Back in 2009 that didn’t happen. The original observatory failed to separate from the payload fairing, you know, “the rocket,” and never achieved orbit. After it reentered our atmosphere it crashed into the Indian Ocean. I wasn’t there that night but I know it took only 17 minutes to go from a perfect launch to a really wet landing, and I know the loss to science was felt deeply across the Earth.

So when I was invited to participate in the NASA Social event covering the new mission I was pretty darn excited. Cue my Muppet flail. Participants were allowed to ask the project engineers and scientists ANYTHING we wanted during the social press conference. After that we all got to take a tour of Vandenberg AFB, viewing each of the Space Launch Complexes, called “SLICKS”, and the Space and Missile Heritage Center, which includes an exhibit on the chronology of the cold war. Pretty much everyone took at least one #RocketSelfie and pretty much everyone felt some form of gratitude that the folks sitting at “the button” were surrounded my soothing sea-foam green and never had to push it.


Then we all headed up to the public viewing area for the 2:56 AM launch. In the dark. In the cold. All together. I think we were expecting to see something like this:

Well, that video was taken A LOT closer to Space Launch Complex 2, where the Delta II rocket was launched. Our gracious tour guides let us know that we wouldn’t WANT to be right up close during launch. That if we were standing where the camera was… we would probably go deaf and definitely be arrested.

What we saw was this… a whole lotta fog. Everybody there started hysterically laughing once we realized that was ALL we were going to see.

So why were we all there, in the cold and the dark, if we weren’t going to SEE anything? Listen to that audio. AFTER our hysterical laughter you can hear everybody say, WHOA!

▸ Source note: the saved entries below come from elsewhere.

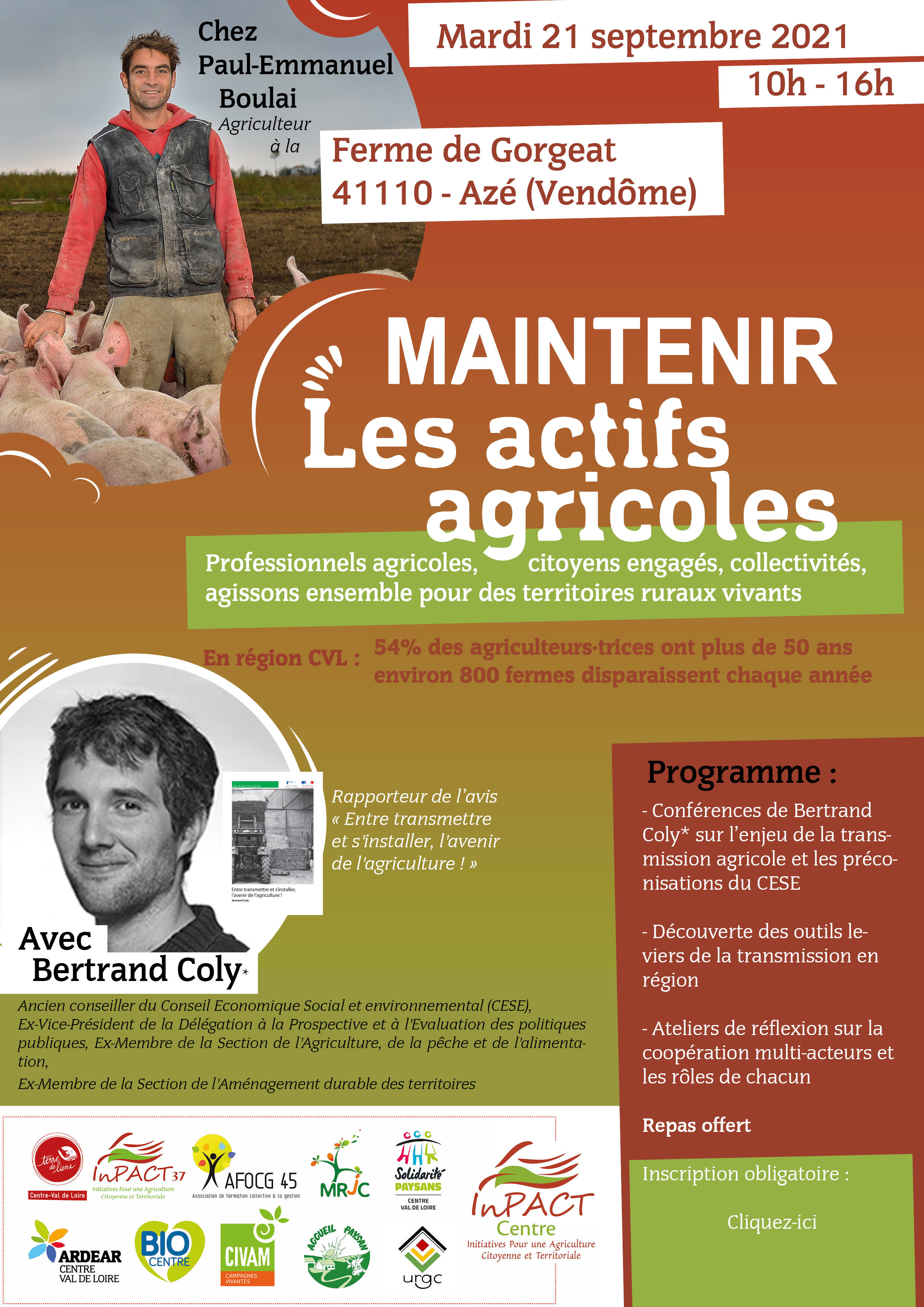 C’est à la ferme de Gorgeat, à vendôme que se déroulera le colloque "Maintenir les actifs agricoles en région Centre-Val de Loire" dans le département du Loir-et-Cher. Différentes activités ponctueront la journée autour d’un fil conducteur qu’est la transmissibilité des fermes. En effet, moins de producteurs c’est : moins d’emplois en milieu rural, une souveraineté alimentaire affaiblie, des espaces ruraux peu dynamiques, des exploitations spécialisées et de très grande taille..
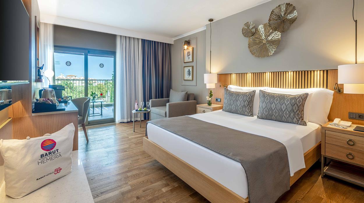 Barut Hemera is a lively, all-inclusive resort that combines modern comfort, family-friendly amenities, and relaxed Mediterranean charm. From sunlit pools and aqua parks to private beach access and spa indulgence, the resort caters to all types of travellers. The diverse restaurants and bars offer international, Turkish, Italian, and seafood cuisines, along with cocktails and casual refreshments, ensuring a culinary experience for every taste. Spacious rooms, swim-up suites, and family accommodations make it ideal for groups or couples seeking both leisure and convenience. With attentive service, engaging entertainment, and well-designed facilities, Barut Hemera provides an all-encompassing holiday where fun, relaxation, and luxury blend seamlessly.
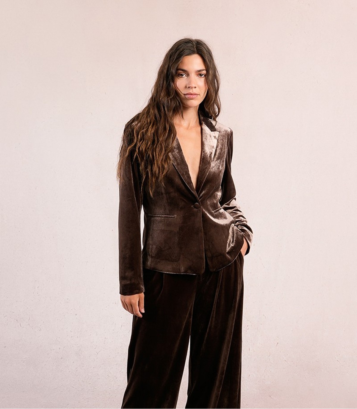 Šī elegantā, taisna piegriezuma jaka no Molly Bracken ir darināta no mīksta samta ar greznu spīdumu. Tās sievišķīgais, pieguļošais siluets un vienkāršais dizains izceļ tēla izsmalcinātību un izsmalcinātību.
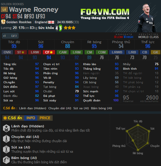 Mùa giả GR của Rooney xuất hiện trong game được coi như một sự hồi sinh của anh chàng này trong tựa game FO4. Hôm nay hãy cùng FO4VN.COM review về một trong những cầu thủ được săn đón bậc nhất game thời điểm hiện tại nhé.
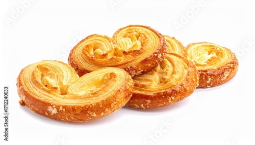 Golden Palmier Puff Pastry Cookies Against a Clean White Backdrop, pastry Cookies,
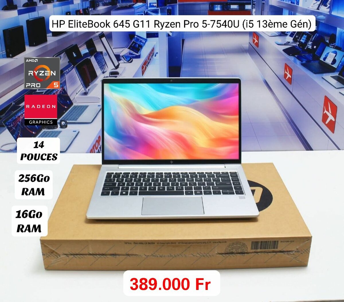 Découvrez le HP EliteBook 645 G11, équipé du puissant processeur Ryzen Pro 5-7540U. Avec ses 16 Go de RAM et 256 Go de stockage, ce laptop est parfait pour les professionnels en déplacement. Performance et élégance dans un écran 14".

We didn’t see anything, but we FELT something. The rumbling vibration of sound that takes several seconds to travel across the Earth and up into the sky. Up into us. We felt that.

NASA Administrator and former astronaut, Charles Bolden, invited all the NASA Social attendees to do two things: enjoy ourselves and tell people how the launch made us feel.


That distant rumble that washed like waves over all of us made me feel like something is being done to steward our planet and that everyone who was watching and listening, whether they were at Vandenberg, or in their backyard, or leaning out their window, looking up at that sky, were feeling it too.

Now we are all still leaning out our windows and looking up at the sky, waiting for the data to come back to Earth.